DIMENSIÓN FILOSÓFICA:
Para intentar completar esta serie denominada brevario, intentaré, sin ánimo de cerrar, sino repasar el campo de análisis para para continuar con la invitación, reflexión. Está muy claro que la Argentina se encuentra en un camino hacia un precipicio, lo está haciendo con la anuencia de una parte de la sociedad que no puede ver el final del recorrido qe inicio en diciembre de 2023.
Por ello es necesario desglosar parte por parte las etapas de desarrollo de la crisis, poniendo el acento en dos dimensiones, la política y la filosófica, veamos como podemos desarrollar la idea sin caer en el simplismo que evita llegar a conclusiones con rigor.
Cuando gobernar deja de ser decidir
Hay un momento —difícil de percibir mientras ocurre— en el que la política deja de decidir y comienza a administrar. No se trata de una suspensión formal de la democracia, sino de algo más silencioso: la abdicación del juicio.
Hannah Arendt advirtió que la política existe allí donde los seres humanos actúan y juzgan en común, y que su desaparición comienza cuando ese juicio es reemplazado por la obediencia a procedimientos. En la Argentina presente, los obedientes se esconden detrás del instrumento burocrático, como si eso expiara el pecado de la crueldad sistémica. Arendt nos dejó una enseñanza de peso; en «Eichmann en Jerusalén» lo formuló con crudeza:
“Lo más terrible del mal es que puede ser cometido por personas que no deciden, sino que obedecen.”

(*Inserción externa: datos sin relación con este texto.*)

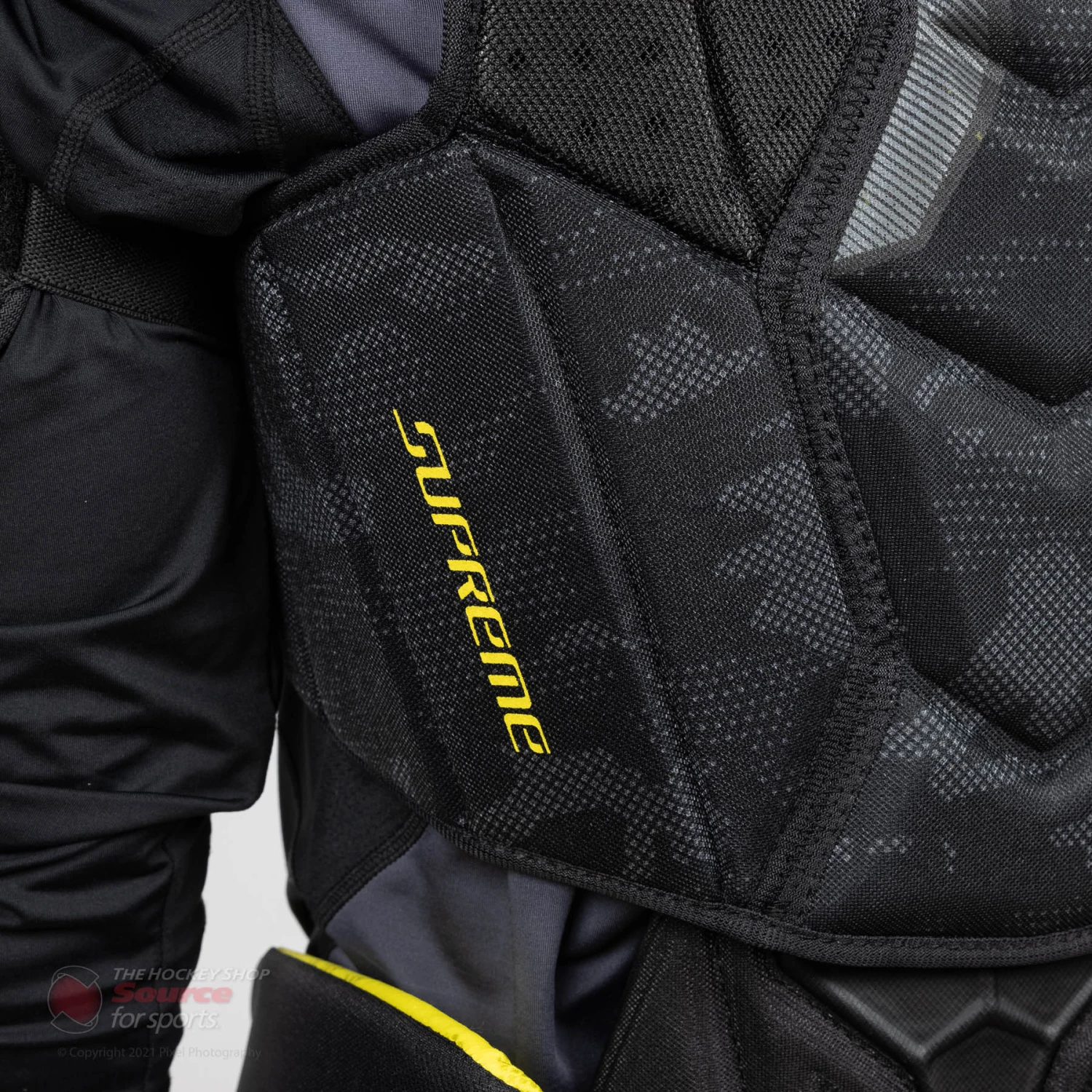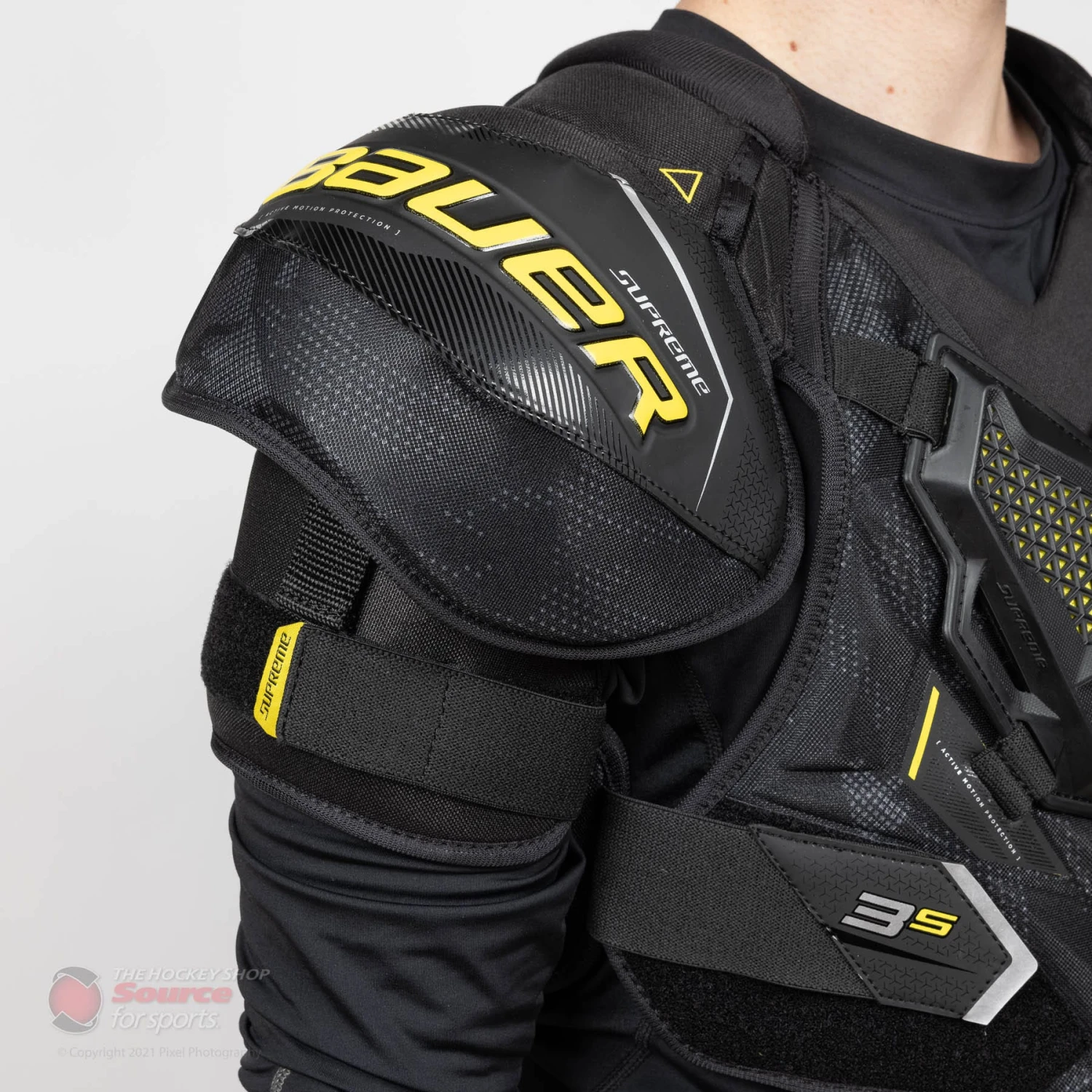 The Supreme 3S shoulder pad utilizes the same Active Motion Protection(AMP) technology in the shoulder caps as the UltraSonic. Bauer has specifically designed the AMP technology to allow the shoulder cap to move with you while still maintaining a low profile cap.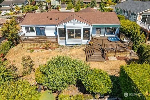 Located in the lower Marine Hills area near Redondo Beach. A breathtaking community of endless views of Puget Sound, Vashon Island and Olympic Mountains. This 3 bedroom, 2 bath home has an oversized living room and oversized primary suite bedroom plus a very spacious family room. It features a lovely kitchen with a big peninsula, stunning cabinets, huge windows providing natural lighting and panoramic views of the sea, sky and mountains. Enjoy the two big decks, the jacuzzi, the ocean breeze and those amazing sunsets. This home is equipped with an A/C for those hot days and a fireplace for those cooler nights. Freshly painted inside/out. Option to join the Marine Hills Swimming and Tennis Club. Come see it!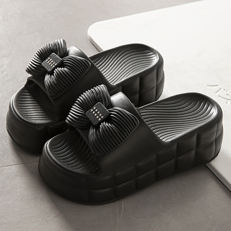Ayollar EVA slayd sandallari yozgi ochiq barmoqli, lenta bilan, qalin tagli, yopishqoqsiz, qora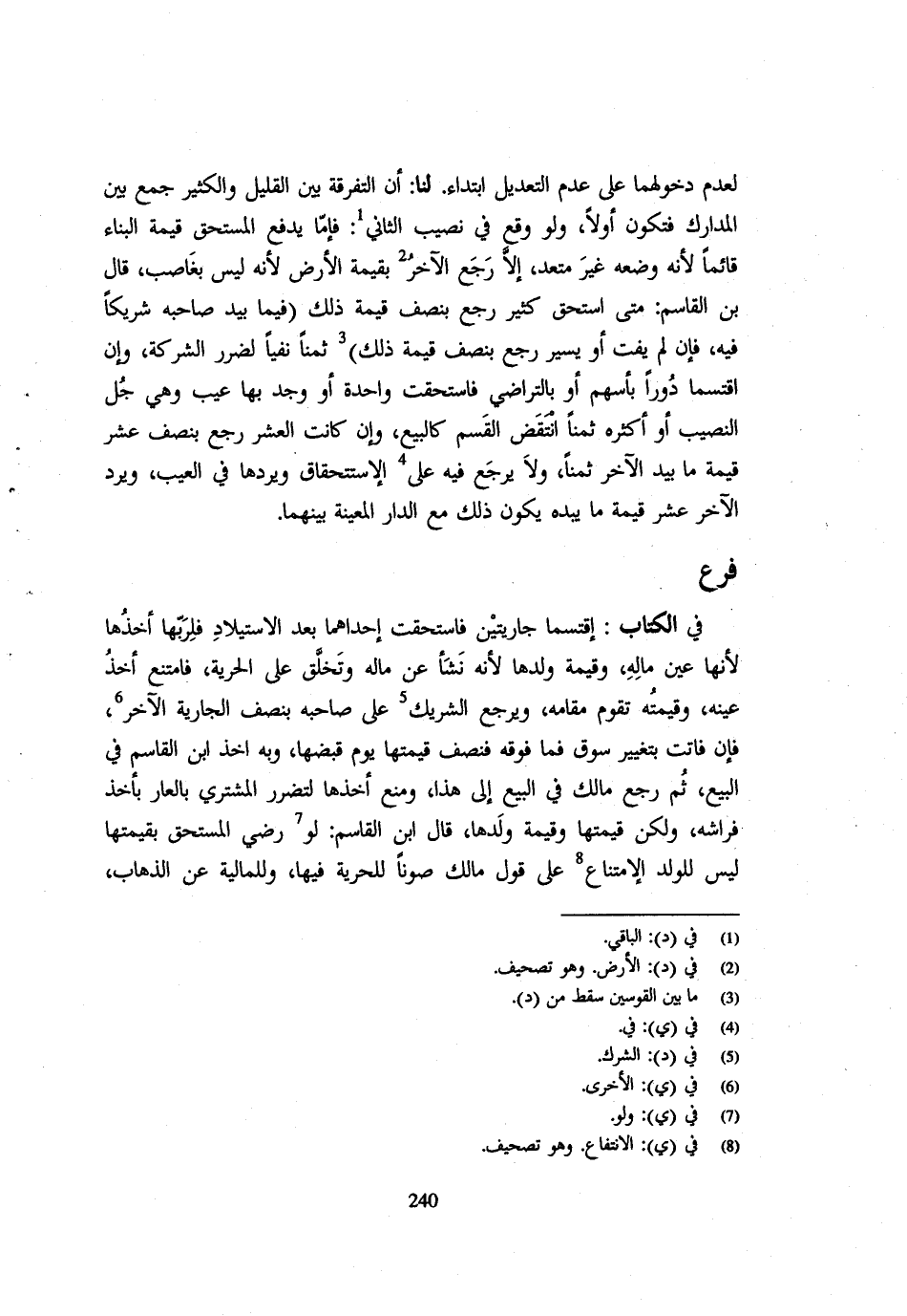 لِعَدَمِ دُخُولِهِمَا عَلَى عَدَمِ التَّعْدِيلِ ابْتِدَاءً لَنَا أَنَّ التَّفْرِقَةَ بَيْنَ الْقَلِيلِ وَالْكَثِيرِ جَمْعٌ بَيْنَ الْمَدَارِكِ فَتَكُونُ أَوَّلًا وَلَوْ وَقَعَ فِي نَصِيبِ الثَّانِي فَإِمَّا يَدْفَعُ الْمُسْتَحِقُّ قِيمَةَ الْبِنَاءِ قَائِمًا لِأَنَّهُ وَضعه غير مُتَعَدٍّ الا رَجَعَ الاخر بِقِيمَة الأَرْض لِأَنَّهُ لَيْسَ بغاصب قَالَ بن الْقَاسِمِ مَتَى اسْتَحَقَّ كَثِيرً رَجَعَ بِنِصْفِ قِيمَةِ ذَلِكَ فِيمَا بِيَدِ صَاحِبهِ شَرِيكًا فِيهِ فَإِنْ لَمْ يَفُتْ أَوْ يَسِيرً رَجَعَ بِنِصْفِ قِيمَةِ ذَلِكَ ثَمَنًا نَفْيًا لِضَرَرِ الشَّرِكَةِ وَإِنِ اقْتَسَمَا دوراً بأسهم أَوْ بِالتَّرَاضِي فَاسْتُحِقَّتْ وَاحِدَةٌ أَوْ وُجِدَ بِهَا عَيْبٌ وَهِيَ جُلُّ النَّصِيبِ أَوْ أَكْثَرُهُ ثَمَنًا انْتَقَضَ الْقَسْمُ كَالْبَيْعِ وَإِنْ كَانَتِ الْعُشْرَ رَجَعَ بِنِصْفِ عُشْرِ قَيِمَةِ مَا بِيَدِ الْآخَرِ ثَمَنًا وَلَا يَرْجِعُ فِيهِ عَلَى الِاسْتِحْقَاقِ وَيَرُدُّهَا فِي الْعَيْبِ وَيَرُدُّ الْآخَرُ عُشْرَ قِيمَةِ مَا بِيَدِهِ يكون ذَلِك مَعَ الدَّار الْمعينَة بَيْنَهُمَا

Cuando gobernar se presenta como ejecución de reglas impersonales, cuando las decisiones se justifican en nombre de “lo inevitable”, la política se vacía de su función originaria. Ya no elige entre alternativas; simplemente administra un orden que se declara previo, externo y superior.
Zygmunt Bauman mostró que la modernidad permitió una forma inédita de violencia:
“Una violencia sin odio, sin pasión, ejercida por personas que cumplen funciones.”
En ese punto, el daño deja de ser un problema moral y se convierte en consecuencia técnica. Nadie recorta, nadie excluye, nadie abandona: las reglas lo hacen.
Lo más inquietante no es que estas lógicas existan —han existido siempre—, sino que logren presentarse como la única forma adulta de gobernar. Pensar distinto aparece como ingenuidad; disentir, como irresponsabilidad.
Michel Foucault ya había advertido que el poder moderno no necesita imponerse por la fuerza cuando logra presentarse como racionalidad:
“Gobernar es conducir conductas.”
La pregunta decisiva, entonces, no es económica sino filosófica:
¿Qué queda de la política cuando renuncia a pensar lo que hace?, ¿qué alternativas emergen como esperanza para transformar la dificultad real que atraviesa el pueblo que vive y sufre una crisis?
En este sentido, me resultó interesante, haber encontrado en dos libros muy claros que abordan la pregunta desde el análisis de los momentos álgidos de la argentina.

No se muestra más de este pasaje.